While we cannot engage in a close comparative analysis of the two films, it does make sense to observe how they join the plurimedial cyberwar of narratives around Brazil’s political crisis[26] at another level: that of USA-based hegemonic new media conglomerates of global presence. Both hemispheres of Brazil’s polarized political field find a filmic representation of their social and political awareness on two of the most popular global video-on-demand services.

On one side of the trench, Amazon Prime Video licenses a propaganda film by a notorious fake-news-based organization that reaffirms the narrative (backed by local press[27] and elites) according to which Rousseff’s impeachment and Lula’s condemnation were both legitimate. Such an editorial positioning (within the right-wing spectrum) happens to be in coherence with Amazon’s own interests—oriented to an economically liberal agenda that favors the lack of public regulation on new media and ensures the video-streaming corporations’ profit.

On the opposite side, Netflix embraces a narrative that confronts the version of history given by hegemonic political and local media institutions, consequently offering a space of resistance. By describing the falls of both Rousseff and Lula as moments within an orchestrated threat to democracy (instead of legitimizing them), The Edge of Democracy channels the influence and penetration of Netflix, that hegemonic USA media multinational corporation, towards combating a plurimedial misinformation cyber arsenal intended to promote ultraconservatism and democratic degradation.
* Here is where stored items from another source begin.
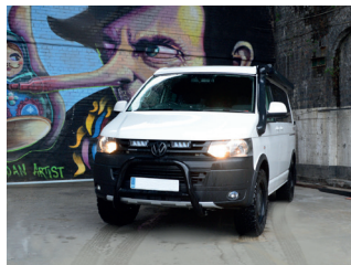
VW TRANSPORTER 5 2010+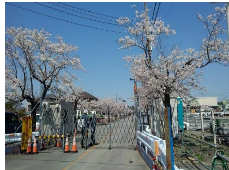
富岡町 解除・困難区域が道路で分けられる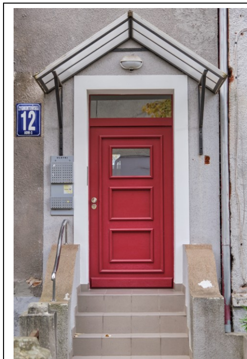
Wejście frontowe do kamienicy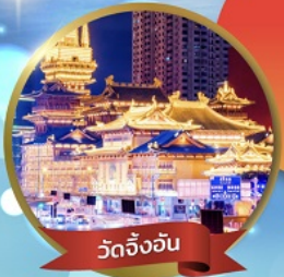
วัดจิ้งจัน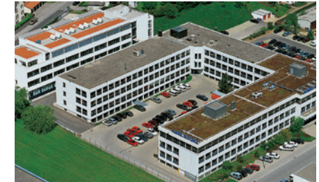
Produção/pesquisa e desenvolvi- mento da KARL STORZ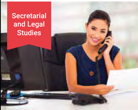
Secretarial and Legal Studies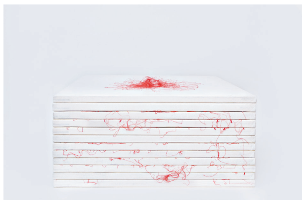
Rys. 3. Plantacja, rysunek szyty, haft, tkanina bawełniana Fig. 3. Plantation, sewn drawing, embroidery, fabric

Na innej zasadzie działam w cyklu Plantacja , gdzie czerwoną nicią „wrysowuję” jednocześnie analizując kształty płatków róż różnego gatunku, a następnie ręcznie wyhaftowuję wybrane zarysy. Jest to swoiste rosarium zapisane na kilkunastu białych, tkaninowych tablicach, gdzie poza kwadratowe płaszczyzny wylaniają się intensywnego koloru nici sugerujące, że poza obrazem jest coś więcej (rys. 3).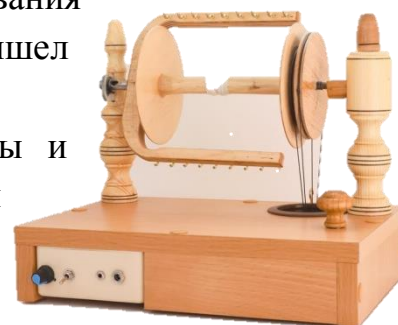
Электрическая прялка с функцией шотландского натяжения на подиуме

Современные бытовые электропрялки компактны и просты в использовании. Обладая высокой производительностью, они позволяют регулировать скорость подачи шерсти и контролировать ровность пряжи. Прялку можно использовать для ссучивания нескольких нитей в одну.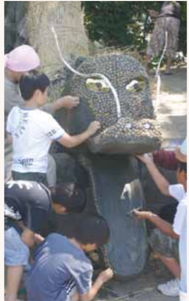
崩道の祇園祭りの大蛇を製作している様子。子どもや大人がウロコに見立てた貝殻を付けたり、泥を塗り付けたりしている

柳川市南浜武字六郎兵衛開では、旧暦6月17日に風水害除けと疫病退散祈願の祇園祭りが行われている。祭り当日の早朝からダイジャヤマ(大蛇山)と呼ばれる雌雄一対の大蛇を作る。製作は、本来小学校4年から中学2年までの男子(中学校2年生全員をカシラ、同1年生全員をナカガシラという)が担当する。現在は子どもの数が減少したので大人が加勢するようにになった。

The film’s discourse of resistance, echoed through a dominating institution of the medium of video-on-demand, had its credibility further boosted by another hegemonic institution of moving images: the traditional Academy of Motion Picture Arts and Science, which granted The Edge of Democracy an Oscar nomination for the Best Documentary.

Such a substantial validation from one of Hollywood’s most long-standing institutions would enhance the film’s mainstream acceptance and exposure, and consequently place the Brazilian threat to democracy “on the red carpet”[28] rather than “under it,”[29] where it had been expected to remain.

Backed by an Academy Award nomination, Costa’s documentary became a cause of concern and embarrassment to the Bolsonaro administration that could not be easily ignored. Having earlier criticized the entire national cinema based on the lack of nominations for Hollywood’s most prominent award,[30] the President would then have to face such validation granted to a film that depicts him as an anti-democratic neofascist leader. He reacted with verbal attacks on both the film and the filmmaker—through institutional channels, personal interviews, and social media posts[31]—and with a censorship venture designed to gain more state control over the choice of the country’s representing films at the Oscars.[32]

In order to subvert hegemonic media institutions that are considered quality benchmarks when it comes to mainstream cinema, while also catalyzing their acceptance towards denouncing the Brazilian crisis, The Edge of Democracy embraces an aesthetics of hegemonic cinema, engaging with a visual presentation that is in line with its standards. This reduces the film’s connection with a certain tradition in Latin American political documentary filmmaking, which argued for an “imperfect cinema.”[33] With the popularization of stabilized digital cameras (also handheld, but prominently in the form of unmanned aerial devices, as delimits the scope of this study), an immaculate visual aesthetic becomes available to anti-system filmmaking—paradoxically, resistance emerges with the appropriation of a device that was originally exclusive to powerful institutions.

Apparatuses of military origins and vocations, as Grégoire Chamayou stresses in his A Theory of Drone (2015),[34] drones later proliferated as image creating devices to be used spontaneously by ordinary citizens. The ongoing popularization of these flying-cameras has unfolded new possibilities of resistance based on (i) capturing evidence of misuse of power, free of risk to the human operator, and (ii) gaining aesthetic possibilities once reserved to large budget creations as well as unprecedented freedom of the gaze (exemplified with the help of Costa’s documentary). Once an exclusively military tool dedicated to surveillance and assassination, and now a device that allows individuals to exercise power over rulers by watching them, drones are gaining political relevance by confronting facets—which will be problematized with the help of a corpus of short films and internet videos. This prepares the ground for the core discussion of this article: the aesthetic tools and possible gazes enabled by drones, as expressed in The Edge of Democracy, and their role in the construction of the film’s intermedial sensory poetics. Our discussion is illustrated by a selection of prominent drone shots from the film and the promotional poster used to distribute the film, and will also be enriched by an exclusive interview with filmmaker Petra Costa.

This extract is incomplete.